Jakarta, Portonews.com – Kenaikan Pajak Pertambahan Nilai (PPN) menjadi 12 persen yang berlaku sejak 1 Januari 2025 menjadi sorotan berbagai pihak, terutama di sektor perbankan dan keuangan. Pengamat perbankan sekaligus praktisi sistem pembayaran, Arianto Muditomo, menyebutkan kredit kendaraan, kredit multiguna, dan Kredit Pemilikan Rumah (KPR) berpotensi paling terdampak.
“Kendaraan bermotor akan terkena dampak ganda karena kenaikan tarif PPN dan pajak kendaraan bermotor (PKB), ditambah opsen PKB. Ini dapat memperlambat penyaluran kredit baru di sektor tersebut,” ujar Arianto saat dihubungi, Kamis (2/1).
Ia mengatakan, kendati ada potensi perlambatan penyaluran kredit, kredit yang sudah berjalan (eksisting) dan non-performing loan (NPL) diperkirakan tidak terlalu terpengaruh. Khusus KPR, yang tenornya bisa mencapai 20 tahun, kenaikan PPN diyakini berdampak lebih kecil dibandingkan kredit kendaraan.
Selain menurunkan permintaan kredit, Arianto menilai kenaikan PPN juga dapat memengaruhi Dana Pihak Ketiga (DPK) di perbankan, sebab besaran penghasilan masyarakat untuk ditabung bisa menipis. “Mayoritas nasabah perbankan adalah individu, bukan pengusaha. Sehingga DPK keluar berpotensi lebih besar daripada yang masuk,” jelasnya.

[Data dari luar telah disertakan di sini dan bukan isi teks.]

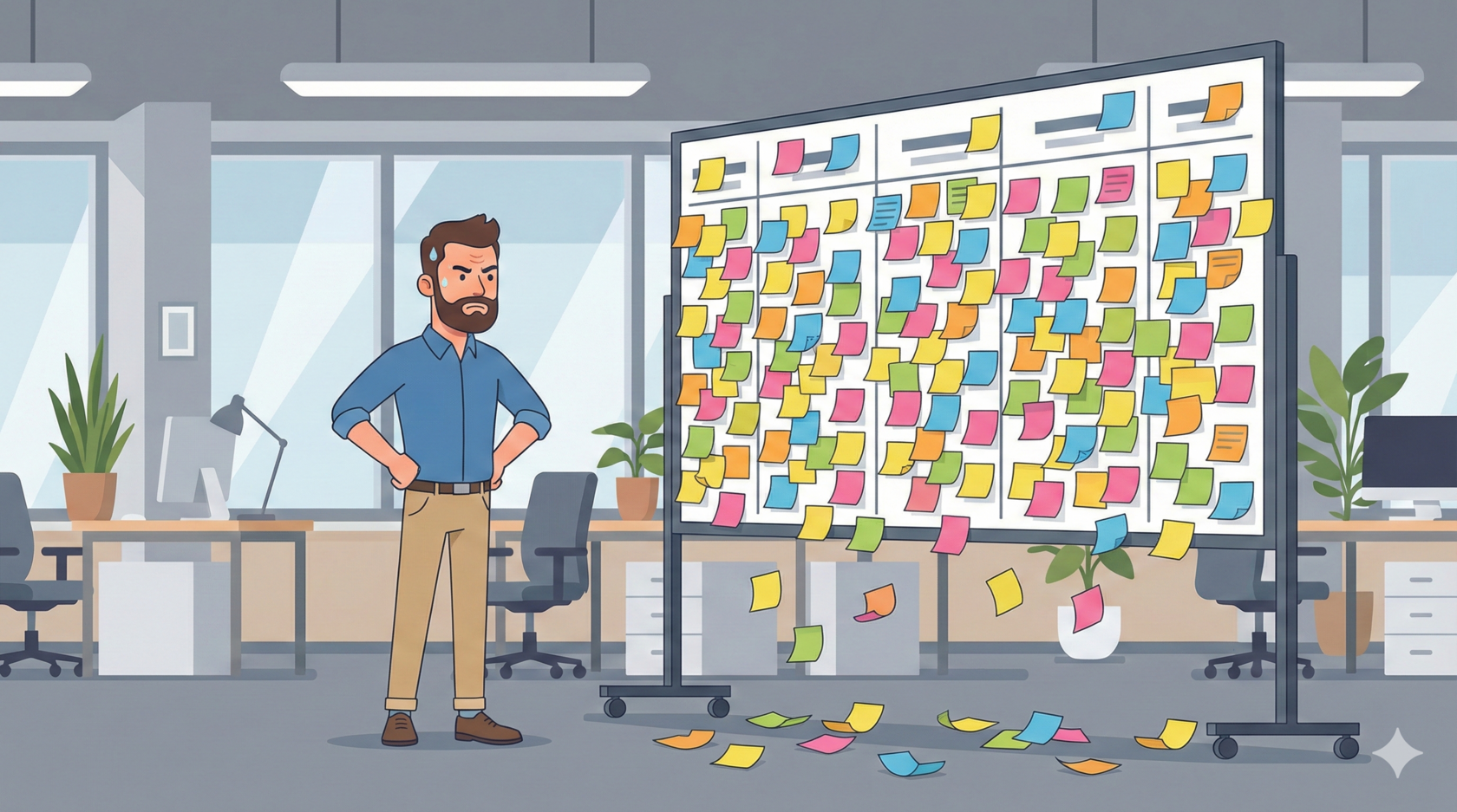 Почему стикеры (или карточки в Trello/Битрикс24) работают лучше списков? Потому что список — это текст. А Канбан-доска — это геометрия. Если в колонке «Согласование договора» скопилось 20 карточек, вы сразу видите «горб» или «пробку». Вам не нужно читать названия задач. Вы видите узкое горлышко процесса визуально.

Sementara itu, dari sudut pandang otoritas pajak, Direktorat Jenderal Pajak (DJP) Kementerian Keuangan memastikan akan mengembalikan dana masyarakat yang terkena tarif 12 persen untuk transaksi bukan barang mewah. “Prinsipnya, kalau ada kelebihan dipungut, mesti dikembalikan,” kata Direktur Jenderal Pajak, Suryo Utomo, dalam konferensi pers di Jakarta, Kamis (2/1).
DJP tengah menyusun skema teknis pengembalian pajak tersebut, antara lain dengan membetulkan faktur pajak yang dilaporkan. “Ada faktur pajak yang diterbitkan secara insidentil, ada juga yang terbit sistematis. Kami akan melihat berbagai kemungkinan agar hak wajib pajak tidak terbebani,” ujar Suryo.

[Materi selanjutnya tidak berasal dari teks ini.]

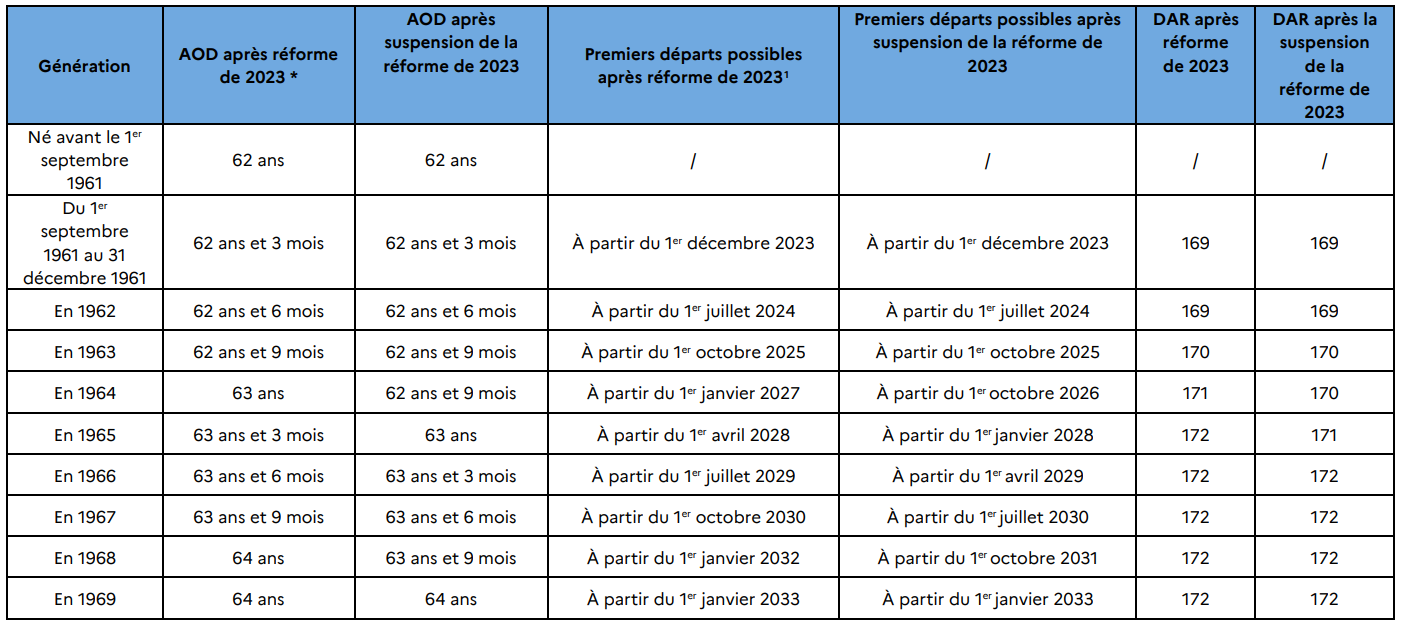 Effet de la suspension de la réforme des retraites sur l'âge d'ouverture des droits (AOD) et la durée d'assurance au régime général (DAR) pour le droit commun

Direktur Peraturan Perpajakan I DJP, Hestu Yoga, menambahkan bahwa wajib pajak pada prinsipnya boleh mengajukan pengembalian dana melalui Surat Pemberitahuan Tahunan (SPT) maupun pengkreditan tarif 12 persen bagi Pengusaha Kena Pajak (PKP). Hal ini dipermudah dengan sistem DJP yang sudah saling terintegrasi, sehingga faktur pajak yang diterbitkan penjual akan muncul otomatis untuk dikreditkan oleh pembeli.
Bagi konsumen akhir, kemungkinan pengembalian pajak pun tetap ada, selama konsumen memiliki Nomor Pokok Wajib Pajak (NPWP) dan faktur pajak yang diterbitkan merupakan faktur standar. “Kami sedang mematangkan skema teknisnya. Jika perlu, kami akan keluarkan aturan tambahan. Prinsipnya, kami ingin tidak memberatkan wajib pajak,” kata Hestu.
Kenaikan PPN 12 persen sendiri diberlakukan terbatas pada barang mewah dan kendaraan bermotor. Untuk barang dan jasa di luar kategori tersebut, pemerintah menerapkan tarif efektif 11 persen dengan mekanisme perhitungan 11/12 dikalikan tarif PPN 12 persen. Presiden Prabowo Subianto mengumumkan batasan ini pada 31 Desember 2024, hanya satu hari sebelum aturan baru diberlakukan. Sementara itu, sejumlah transaksi digital, seperti Google, Apple, dan Tokopedia, dilaporkan sudah memungut tarif 12 persen sejak 1 Januari 2025 sesuai amanat Undang-Undang Harmonisasi Peraturan Perpajakan (UU HPP).